According to official figures the percentage of black and minority ethnic (BME) people living in Broomhall increased from 36% to 67% between 2001 and 2006 and is thought to have increased since then. There is a large Somali community higher than the average for the city, and the Black/Black British Communities overall is 11.3% compared with Sheffield average of 1.8%. The Asian community here is 7.8% compared with a 4.6% Sheffield average. There are also an increasing number of economic migrants from Eastern Europe moving into the area. The proportion of Broomhall BME children in primary schools is much higher than the city average and is increasing. In 2004 the percentage of Broomhall BME children was 77.7% increasing to 80.3% in 2008. When we ran our local school workshops one of the classes we worked with was 100% BME and mainly from Somali and Arabic speaking countries.
Some people in Sheffield think Broomhall is where all the people get put from other countries; in other words that it’s maybe too diverse. But, this view is largely based on ignorance. What our historical research has found is that people from other countries have been living in this area for over a hundred years. We have found immigrants on censuses from Russia, Germany, Italy, India, Australia, USA etc and equally many stories of people leaving Broomhall to move on to pastures new in countries such as Australia.
You might think we’re making a fuss over nothing. Certainly we could come across as a bit arrogant and over proud of our area. But at the end of the day boundaries do matter. Broomhall ranked as 33 out of Sheffield’s 100 most deprived neighbourhoods. However, the true nature of deprivation is masked by there being many student occupancies and some very wealthy residences in parts of Broomhall. This has in the past had a knock on effect on the amount of funding the area receives.

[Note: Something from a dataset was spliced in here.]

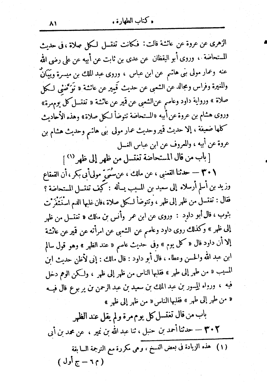 301 - حَدَّثَنَا الْقَعْنَبِيُّ، عَنْ مَالِكٍ، عَنْ سُمَيٍّ مَوْلَى أَبِي بَكْرٍ، أَنَّ الْقَعْقَاعَ، وَزَيْدَ بْنَ أَسْلَمَ أَرْسَلَاهُ إِلَى سَعِيدِ بْنِ الْمُسَيِّبِ يَسْأَلُهُ كَيْفَ §تَغْتَسِلُ الْمُسْتَحَاضَةُ فَقَالَ: «تَغْتَسِلُ مِنْ ظُهْرٍ إِلَى ظُهْرٍ، وَتَتَوَضَّأُ لِكُلِّ صَلَاةٍ، فَإِنْ غَلَبَهَا الدَّمُ اسْتَثْفَرَتْ بِثَوْبٍ» قَالَ أَبُو دَاوُدَ: وَرُوِيَ عَنِ ابْنِ عُمَرَ، وَأَنَسِ بْنِ مَالِكٍ «تَغْتَسِلُ مِنْ ظُهْرٍ إِلَى ظُهْرٍ» وَكَذَلِكَ رَوَى دَاوُدُ، وَعَاصِمٌ، عَنِ الشَّعْبِيِّ، عَنِ امْرَأَتِهِ، عَنْ قَمِيرَ، عَنْ عَائِشَةَ، " إِلَّا أَنَّ دَاوُدَ قَالَ: «كُلَّ يَوْمٍ»، وَفِي حَدِيثِ عَاصِمٍ «عِنْدَ الظُّهْرِ»، وَهُوَ قَوْلُ سَالِمِ بْنِ عَبْدِ اللَّهِ، وَالْحَسَنِ، وَعَطَاءٍ " قَالَ أَبُو دَاوُدَ: " قَالَ مَالِكٌ: إِنِّي لَأَظُنُّ حَدِيثَ ابْنِ الْمُسَيَّب «مِنْ ظُهْرٍ إِلَى ظُهْرٍ»، إِنَّمَا هُوَ «مِنْ طُهْرٍ إِلَى طُهْرٍ»، وَلَكِنَّ الْوَهْمَ دَخَلَ فِيهِ فَقَلَبَهَا النَّاسُ فَقَالُوا: مِنْ ظُهْرٍ إِلَى ظُهْرٍ " وَرَوَاهُ مِسْوَرُ بْنُ عَبْدِ الْمَلِكِ بْنِ سَعِيدِ بْنِ عَبْدِ الرَّحْمَنِ بْنِ يَرْبُوعٍ، قَالَ فِيهِ: «مِنْ طُهْرٍ إِلَى طُهْرٍ» فَقَلَبَهَا النَّاسُ: مِنْ ظُهْرٍ إِلَى ظُهْرٍ "

We want to share our history with a wider audience to improve and develop a positive profile of Broomhall within Sheffield. Broomhall continues to suffer from negative socio-cultural stereotypes within Sheffield, which strongly contrasts with the living reality of those who reside there and who find it a great place to live. For many who do not live here, it is simply a ‘passing place’ from the university to the city centre. It is as if Broomhall as an area doesn’t exist for some. Broomhall is perceptively divisible into two, half appears as a more working-class and immigrant area, the other being perceived as a more affluent houses/university area (once a gated community in the 1800s and 1900s.)
By looking at the heritage of both parts of the neighbourhood we hope we have strengthened the links across this divide and begun to build stronger bridges across cultures and communities, enhancing the social identity of Broomhall as a whole. Broomhall ‘is’ one of the main ‘gateways’ for immigrants arriving into the city. Often this is seen as a negative but we wanted to show how this diversity makes ‘Broomhall’ the vibrant place it is today.
As you walk our streets, either to enjoy its rich history and buildings, or simply to pass through, we hope you have a positive feeling that you are in ‘Broomhall’, perhaps a place with ever-changing and shifting boundaries, but still a place to enjoy passing through and indeed, a place many call home.
Comments about this page
hiya, I spent my younger years in the broomhall district, I went to springfield school from 1943 until 1953 and left the district when I was 23 years old, I lived on bath st which was just below the school, I counted the many shops that there were on broomhall st close by and one of the biggest number was the pubs there were 26 within a quarter of an hour’s walk of where I lived and I can still name them all, when I was at an early age at school the teachers used to walk us from school to the botanical gardens,we would walk along broomhall st all the way to park lane up to clarkehouse rd turn left at the top and into the gardens we would spend time around the bear pit and the surrounding wood land.
I read about the lodges I can remember 4 of them.